───── Records for this task

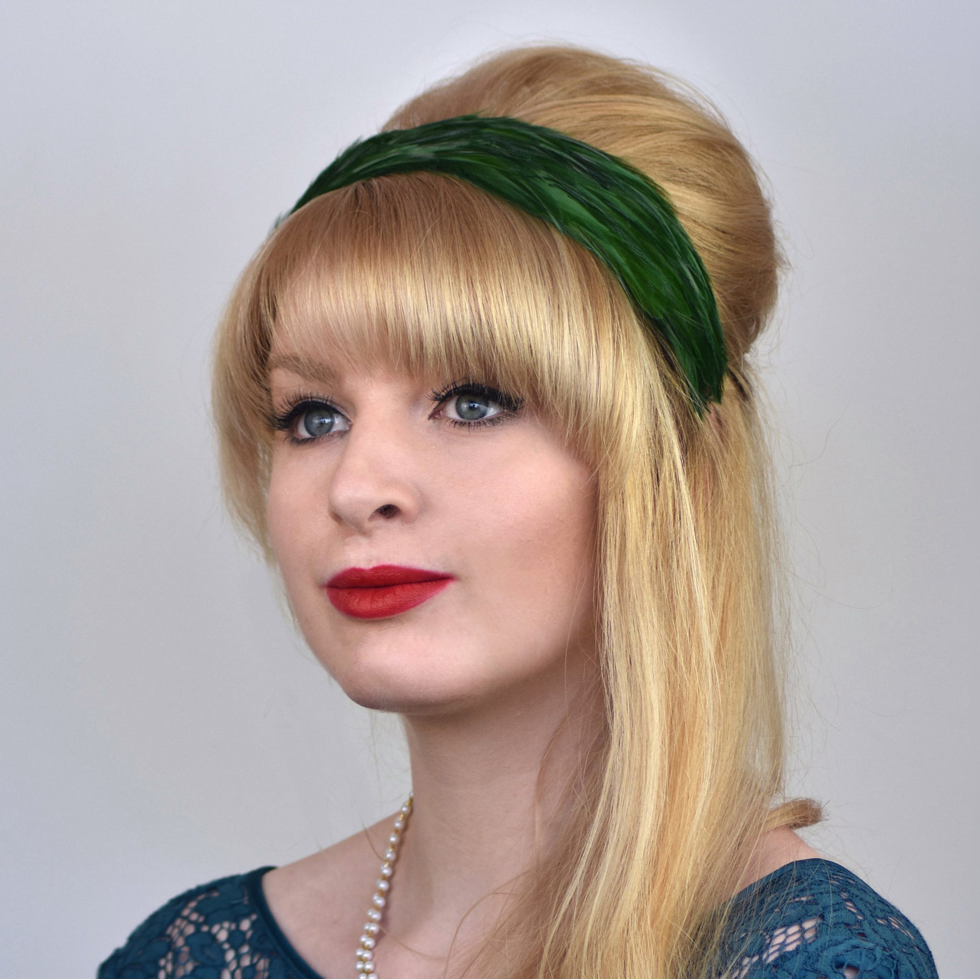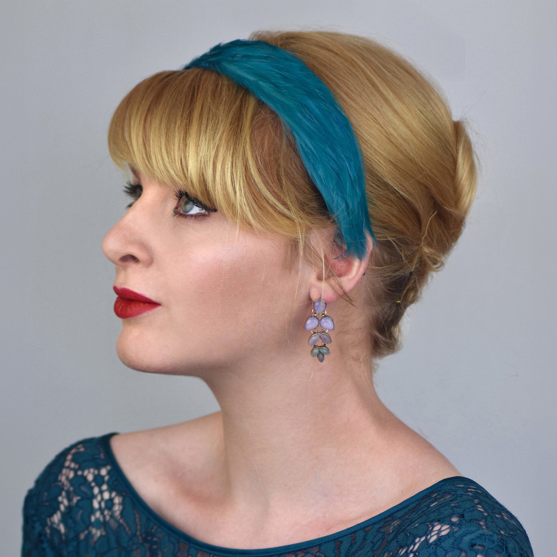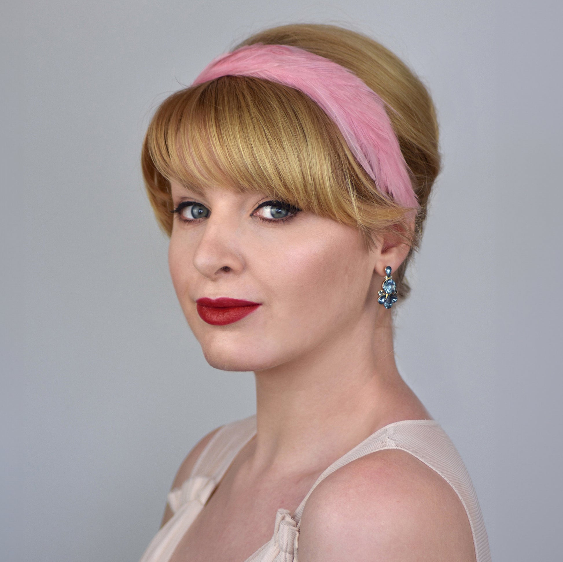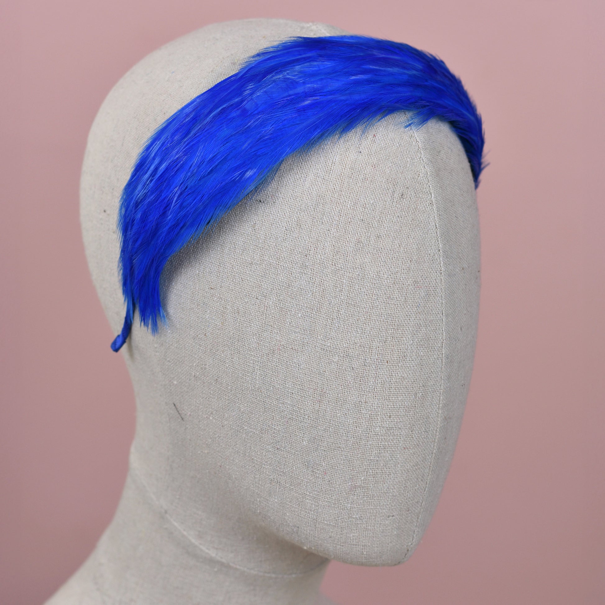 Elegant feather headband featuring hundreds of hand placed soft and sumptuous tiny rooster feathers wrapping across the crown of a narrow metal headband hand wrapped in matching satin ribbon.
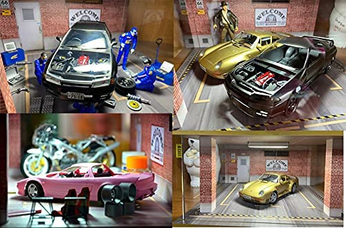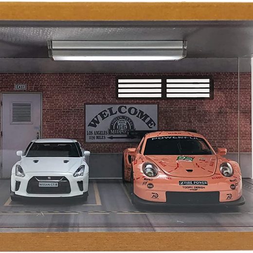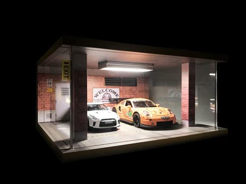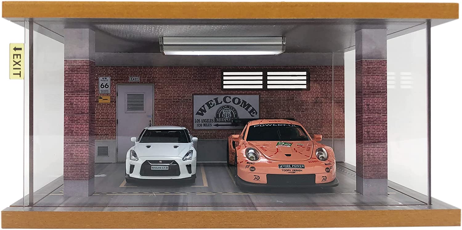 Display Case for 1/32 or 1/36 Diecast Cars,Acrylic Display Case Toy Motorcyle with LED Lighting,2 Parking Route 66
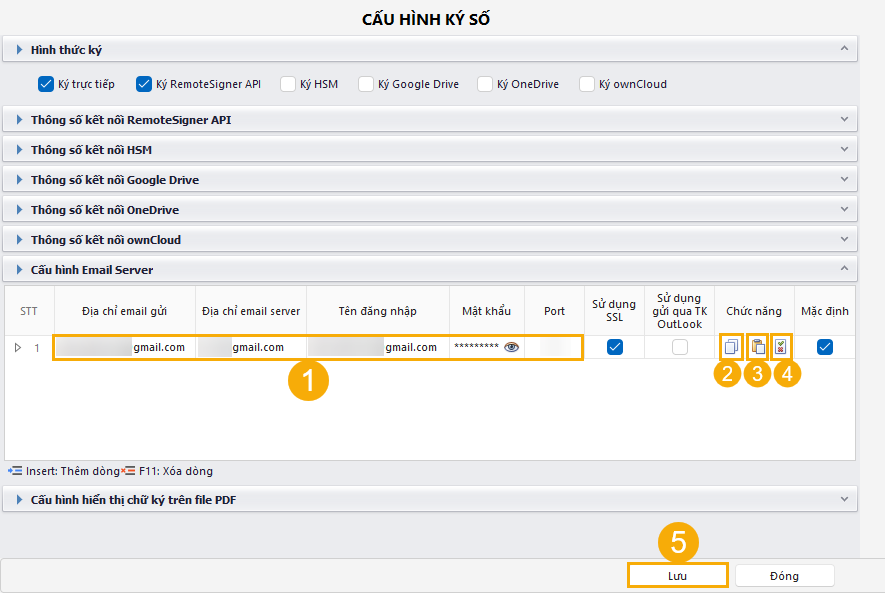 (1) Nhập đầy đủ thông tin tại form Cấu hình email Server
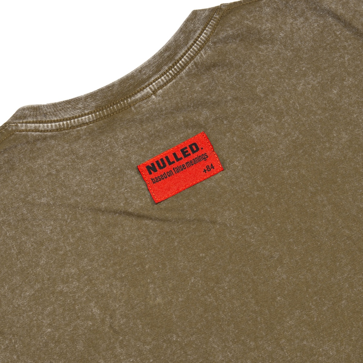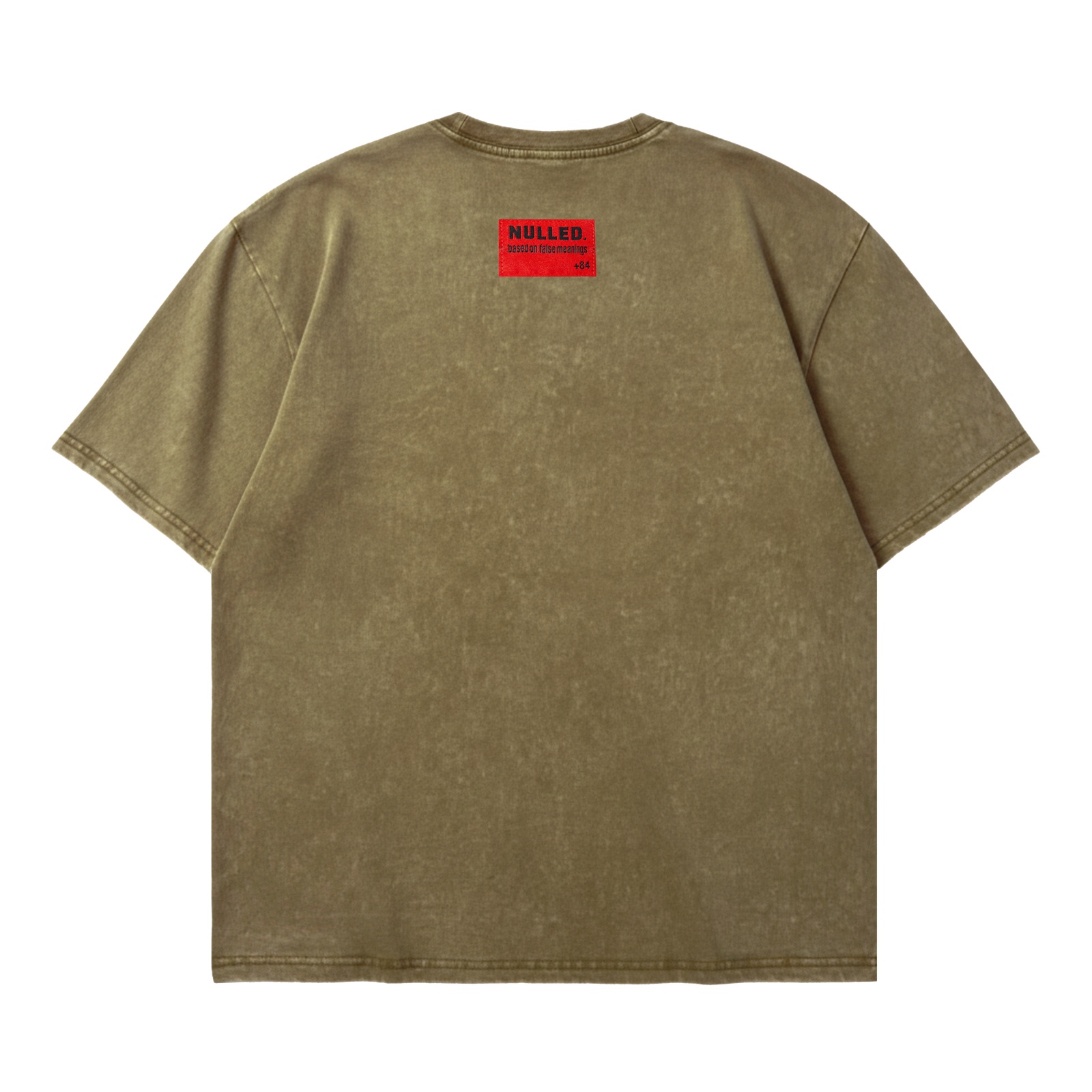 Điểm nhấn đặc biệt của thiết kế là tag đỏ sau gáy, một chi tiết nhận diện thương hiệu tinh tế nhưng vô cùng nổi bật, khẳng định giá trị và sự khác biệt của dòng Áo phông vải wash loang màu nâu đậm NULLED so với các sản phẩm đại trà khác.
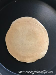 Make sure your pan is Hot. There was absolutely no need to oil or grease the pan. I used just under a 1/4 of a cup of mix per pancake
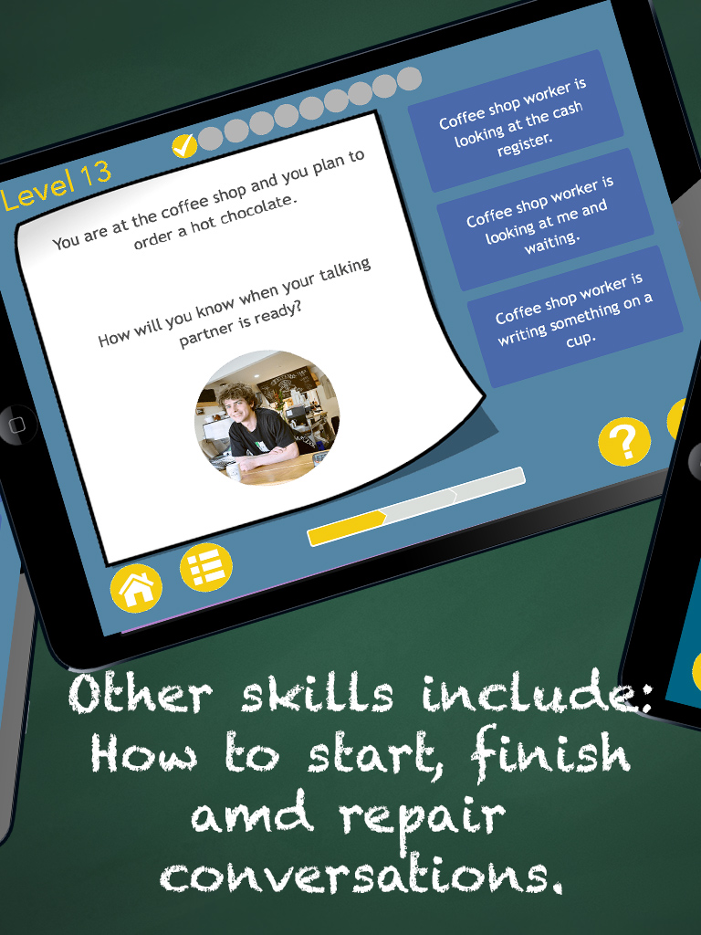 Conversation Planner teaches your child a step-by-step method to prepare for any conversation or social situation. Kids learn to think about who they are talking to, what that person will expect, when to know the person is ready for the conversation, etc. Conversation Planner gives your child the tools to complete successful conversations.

──────────

## Exercise prompt
Every entry above is to be printed again exactly, pictures omitted.

## Completed exercise
 Elegant feather headband featuring hundreds of hand placed soft and sumptuous tiny rooster feathers wrapping across the crown of a narrow metal headband hand wrapped in matching satin ribbon.
 Display Case for 1/32 or 1/36 Diecast Cars,Acrylic Display Case Toy Motorcyle with LED Lighting,2 Parking Route 66
 (1) Nhập đầy đủ thông tin tại form Cấu hình email Server
 Điểm nhấn đặc biệt của thiết kế là tag đỏ sau gáy, một chi tiết nhận diện thương hiệu tinh tế nhưng vô cùng nổi bật, khẳng định giá trị và sự khác biệt của dòng Áo phông vải wash loang màu nâu đậm NULLED so với các sản phẩm đại trà khác.
 Make sure your pan is Hot. There was absolutely no need to oil or grease the pan. I used just under a 1/4 of a cup of mix per pancake
 Conversation Planner teaches your child a step-by-step method to prepare for any conversation or social situation. Kids learn to think about who they are talking to, what that person will expect, when to know the person is ready for the conversation, etc. Conversation Planner gives your child the tools to complete successful conversations.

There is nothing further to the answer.